# lionfish and bluejaw



## repper2000 (Sep 24, 2006)

hello i have a lionfish for about 3 months now went to the local fish store and they sold me a bluejaw trigger said it was peaceful and it would'nt nip the lions fin. 2 days now everythings going good..should i watchout or are the two cool together?????? thanks


----------



## Lupin (Aug 2, 2006)

Hi repper,

What is the size of your tank? Cramped space often results to bickerings.


----------



## repper2000 (Sep 24, 2006)

its a 75 gal


----------



## Lupin (Aug 2, 2006)

repper2000 said:


> its a 75 gal


No problem with that then.:thumbsup:
If you have inverts however, be careful with your triggerfish. Same applies to mixing small fish with lionfish.


----------



## joeshmoe (Aug 2, 2006)

what i no about triggers some could be semi agressive but i think every thing will be ok.


----------



## repper2000 (Sep 24, 2006)

thanks for the info didnt want anything to happen to my lion


----------



## Oceane (Aug 4, 2006)

Blue triggers are aggressive when they breed and are hatching eggs otherwise they are ok. Few fish will fish will interfere with a lionfish as a brush with spines results in poisonning. Both trigger and linfish will eat anything small enough to fit in their mouth.


----------



## KyleV (Oct 8, 2006)

*Triggers*

The Blue jaw is one of the most peacefull (if there is such a thing) type of Trigger out there. No worries unless you plan to add additional fish smaller or less aggressive down the road.


----------



## caferacermike (Oct 3, 2006)

Holy Hell it's Kyle from Kyle. My old friend. Kyle has kept quite an aggressive yet peaceful FOWLR for quite some time. I've seen his triggers with his lions, all was well. Provide plenty of hiding places, rocks for territories and feed well.


----------



## Lupin (Aug 2, 2006)

caferacermike said:


> Holy Hell it's Kyle from Kyle. My old friend. Kyle has kept quite an aggressive yet peaceful FOWLR for quite some time. I've seen his triggers with his lions, all was well. Provide plenty of hiding places, rocks for territories and feed well.

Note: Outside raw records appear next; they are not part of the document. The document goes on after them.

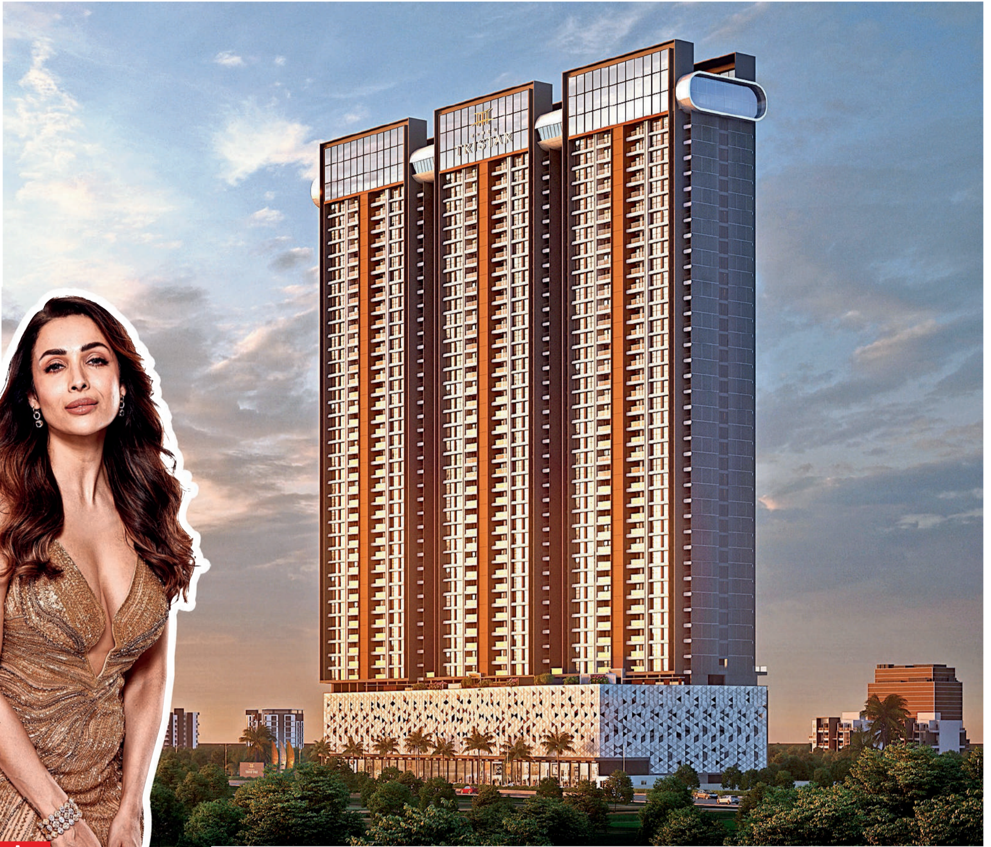
Images are for referral graphical representation only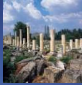
Archaeological Site of Aphrodisias, Aydin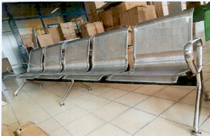
5 Seater Stainless Gang Chair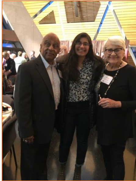
Frances McHie Nursing Scholarship winner at University of Minnesota McNamara Center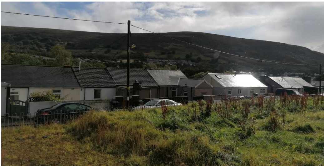
Fig 4. Views from within the site showing rear of properties along Railway Terrace.

5.15 Similarly, in terms of the dwellings to the rear of the site (Mount Pleasant), these dwellings are located in excess of 20m from the rear elevation of the proposed new properties and are at a higher level. As such, I am satisfied that there will not be unacceptable levels of overlooking between the existing and proposed dwellings.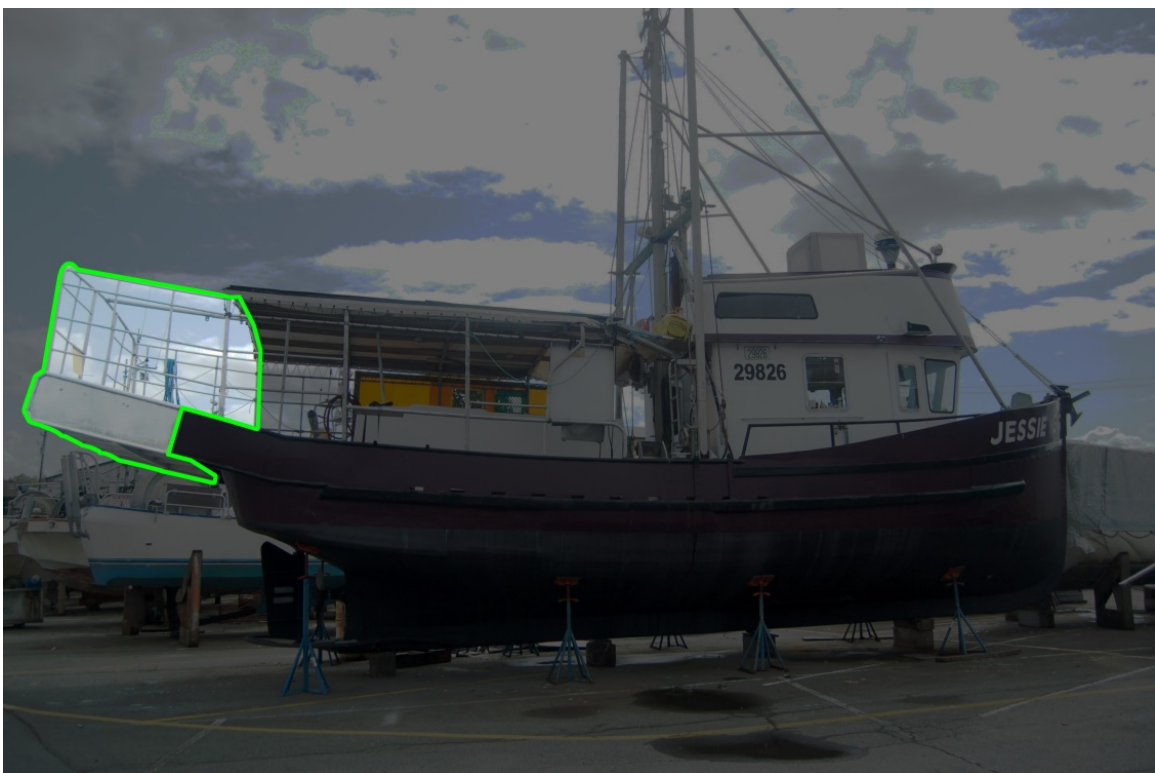
Figure 1 – Commercial Fishing Vessel with Stern Extension Highlighted

I didn't know you two know each other.:crazy: Especially when both of you are from Texas.:crazy:


----------



## trreherd (Aug 7, 2006)

I heard triggers grunt-have you ever heard it?


----------



## Lupin (Aug 2, 2006)

trreherd said:


> I heard triggers grunt-have you ever heard it?


This link says they do.:shock2: :blink:


----------



## trreherd (Aug 7, 2006)

That would be so cool if he grunted.Try to get him to grunt!


----------



## Lupin (Aug 2, 2006)

trreherd said:


> That would be so cool if he grunted.Try to get him to grunt!


You have to be on guard for unexpected grunts though.:roll: Clown loach(freshwater category :mrgreen: ) can make clicking sounds but you don't hear that often and this will come out unexpectedly or anytime without warning.


----------